I think it would be most useful if the stateDuration node retains the latest value of any fields that pass through it and emits the latest values of all fields it has seen whenever it emits a new duration. I suspect that might violate a paradigm that kapacitor follows, and in my mind it leads to a larger question about how TICKscript is limited because it cannot really hold any state outside of the current fields passing through a node. There are some limited exceptions to this like the alert node maintaining the alert level or the sigma function in lambdas. But there are a number of creative ways a user might want to process data without regard for the emit frequency or time alignment of data. I know it is possible to work around much of this by properly aligning and joining data.

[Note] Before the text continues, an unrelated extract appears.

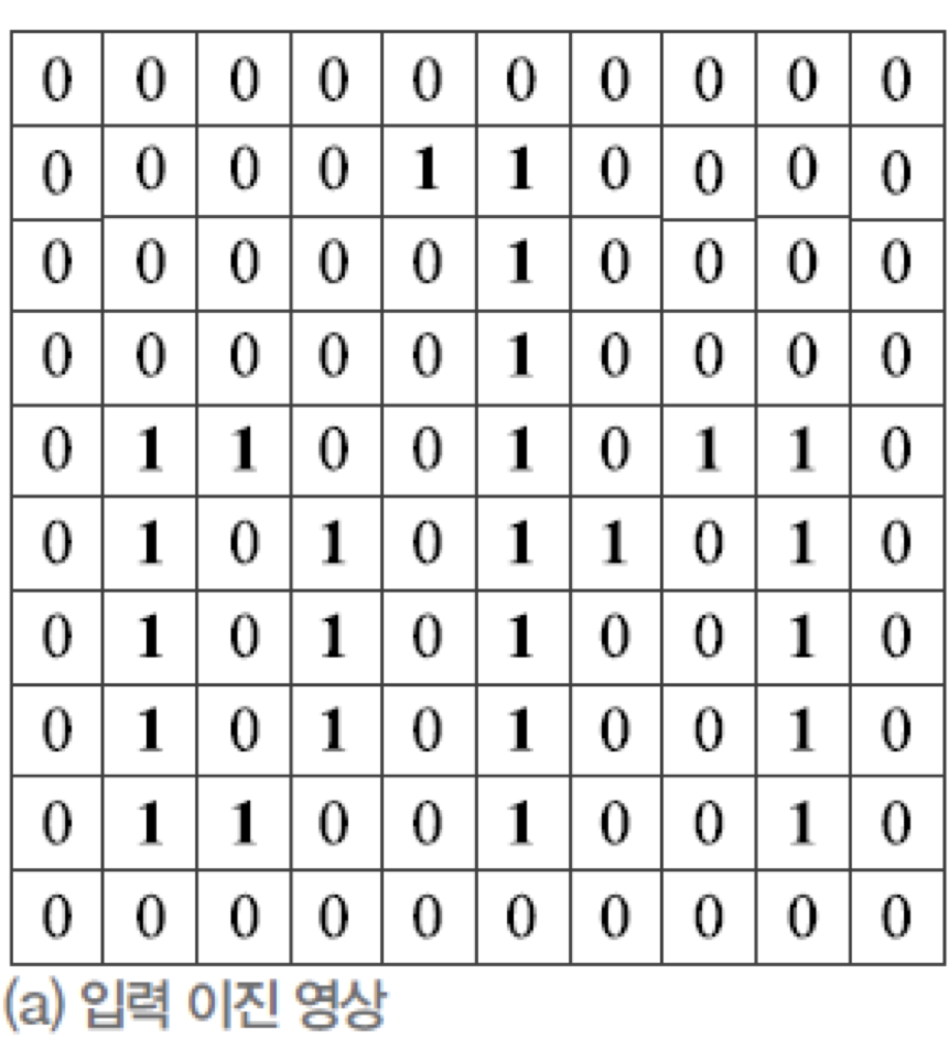 - input : 이진영상 $b(j,i)$, $0 <= j <= M-1, 0 <= i <= N-1$

Another way to address this issue is to instead add a duration option to the alert node itself. So that you could write

var data = stream|from() ...

data|
  alert()
    .crit(lambda: "value" <= 100.0)
    .critDuration(10s)

This should still work the same way that I have described how I would like the stateDuration node to work so I recognize this just shifts the problem around. But it might make more sense to put it here with the alert node anyway. That's more of a style/design direction choice.

I'm happy to discuss any of this further. Thanks again for your time and attention on this.

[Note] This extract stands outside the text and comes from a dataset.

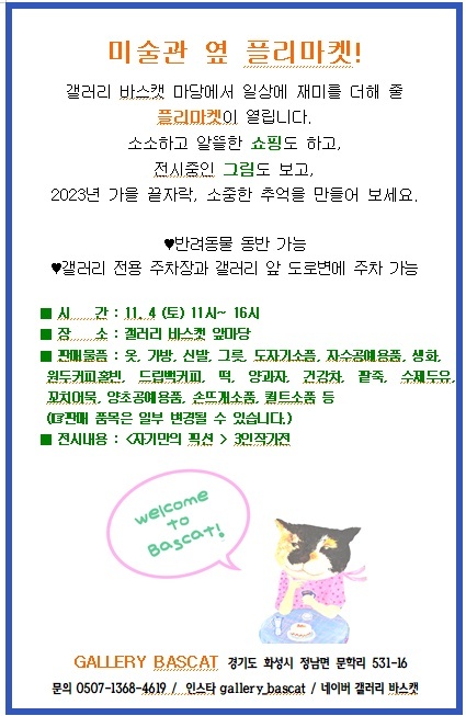 [대관료지원사업] 자기만의 픽션 <FICTION of ONE’S OWN> 작성자 관리자 작성일 2023년 10월 23일 17시 15분 27초 조회 509 KakaoTalk_20231020_141220388.jpg [ Size : 130.89KB, Down : 347 ] 미리보기 다운로드 KakaoTalk_20231020_141220388 변경주_전시회(플리마켓).jpg [ Size : 98.83KB, Down : 78 ] 미리보기 다운로드 변경주_전시회(플리마켓) <자기만의 픽션 - FICTION of ONE’S OWN> ○ 전시장소 : 갤러리 바스캣 (화성시 정남면 문학리 531-16 2층 1호)○ 전시기간 : 2023. 10. 28.(토) ~ 2023. 11. 12.(일)○ 무료전시* 화성시, 화성시문화재단 대관료 지원사업 지원을 받아 진행됩니다 * ○ 화성시민여러분의 많은 관람 부탁드립니다. 목록보기

AdamSLevy avatar Apr 03 '18 20:04 AdamSLevy

@AdamSLevy Thanks for your thorough response. We'll definitely keep this in mind. Would you have any interest in developing the feature yourself? I'd be happy to help guide you through the implementation.

desa avatar Apr 04 '18 15:04 desa

That would be cool. I am strong in Go but not fully up to speed on the kapacitor code base so guidance is more than welcome. I also want to make sure that we are clear on the design before I start banging away on some code.

Feel free to email me directly if that is a better channel for discussing this. Otherwise continuing in the comments here is OK

adam at aslevy dot com

AdamSLevy avatar Apr 04 '18 16:04 AdamSLevy

@AdamSLevy sorry for the long delay. I'm happy to talk about feature development here. I think it might be easier.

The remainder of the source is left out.